Data: Under the circumstances, it seemed like our best chance to stop the androids.
McAdams: Yeah, not to mention our best chance to get killed in the process. You know that M-5 is crazy, don't you?
Data: Crazy is an imprecise term. It is... single-minded. - In one of the Stranger In Black stories, a clay golem has gone berserk and a magician summons three other-plane beings (who appear as a young man, a middle-aged man and an elderly man) to take it away. Averted because for some unexplained reason, they silently refuse (although with an air of "sorry we can't do that") and instead drag the magician (screaming hysterically) who summoned them away into the portal he created and back to their own plane.

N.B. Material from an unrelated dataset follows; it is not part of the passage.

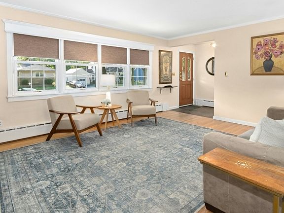 Charming ranch-style home situated on a prime corner lot in a highly sought-after neighborhood. Set on a large, beautifully landscaped property, this well-maintained home offers both comfort and possibility. Inside, hardwood floors run throughout the main level, where a spacious living room features a bay window and custom built-ins. The updated kitchen showcases granite countertops, newer appliances, and flows seamlessly into the dining area. Sliders open to a gravel patio that overlooks a generous, fenced-in yard complete with garden beds perfect for outdoor gatherings, gardening, or quiet relaxation.A standout feature is the outdoor shed, thoughtfully converted into a stylish bar and entertainment center, offering a unique space for hosting year-round. The first floor includes three bedrooms and a full bath, while the finished basement adds valuable living space with a dedicated office, second full bath, and a bonus entertaining area equipped with a bar sink, wine fridge, and countertops. A full walk-up attic offers exceptional storage or expansion potential. With its flexible layout, expansive lot, and unique amenities, this home offers endless opportunities to live, relax, and entertain in style.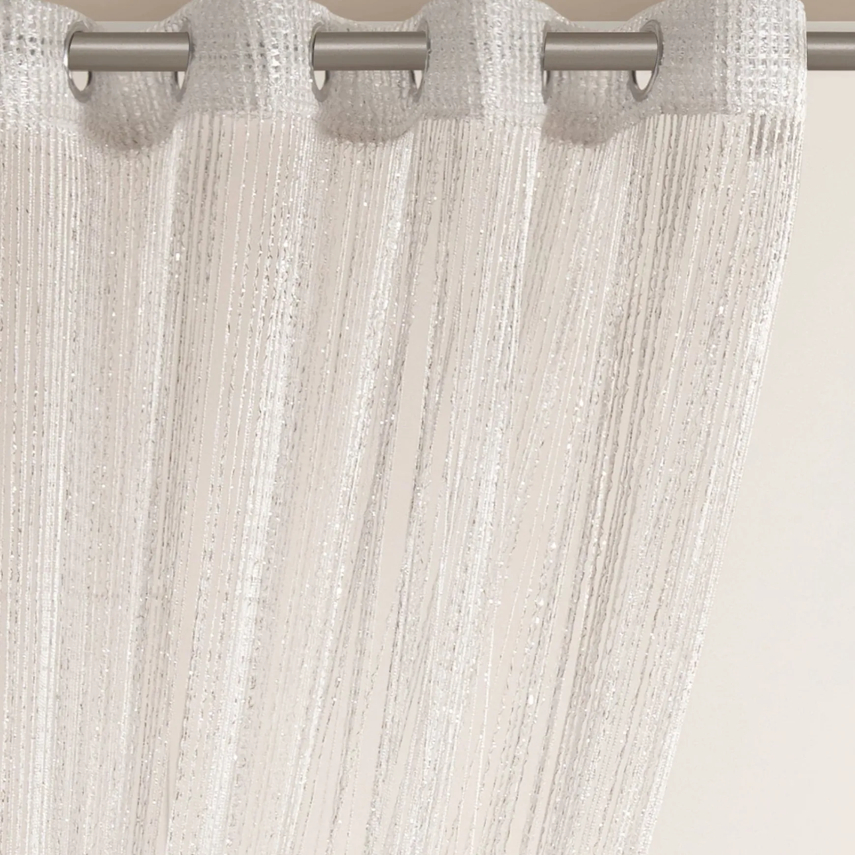 With this Night Sky String Thread Window Curtain Panel, you can decorate a part of your home with captivating shine and also have the ultimate photo backdrop for any occasion. A mix of white and shimmering metallic threads make this impressive visual possible.

- In Stanisław Lem's The Tale of the Computer That Fought a Dragon, a robot king accidentally makes a robot dragon; he gets his battle computer to get rid of it—which, of course, it does by making larger and larger robot dragons. Eventually the computer tries to turn itself into an electrosaur and rule the planet, but the king hits it with his slippers and it accidentally turns itself into electrosauce. So Yeah.
- In F. Paul Wilson's short story "Tenants", the old man in the cabin claims that there are crickets, toads, snakes and snapping turtles living under his floor. The crickets' chirping had been keeping him awake, so he let some toads loose to eat them. Then the toads croaked all night, etc.
- In The Unexplored Summon://Blood-Sign, Kyousuke is up against the White Queen. He summons the Black Maw, the only entity that can rival the Queen in power (because it's another facet of her). The Black Maw normally devours its own summoner when summoned, but in this case it fights the White Queen due to a mutual example of Clingy Jealous Girl. Because of the way summoning works in this setting, the Black Maw is slightly stronger due to being summoned second, and it manages to win (but is severely injured in the process). Kyousuke then manages to dismiss it before it can eat him.
- Warhammer 40,000:
- Thousand Sons: In Ahriman: Unchanged, Ctesias is attacked by Czetherrtihor, a Chaos Titan possessed and empowered by nine greater daemons of Tzeentch. He responds by summoning Doombreed, the mightiest Daemon Prince of Khorne, who makes short work of the Titan.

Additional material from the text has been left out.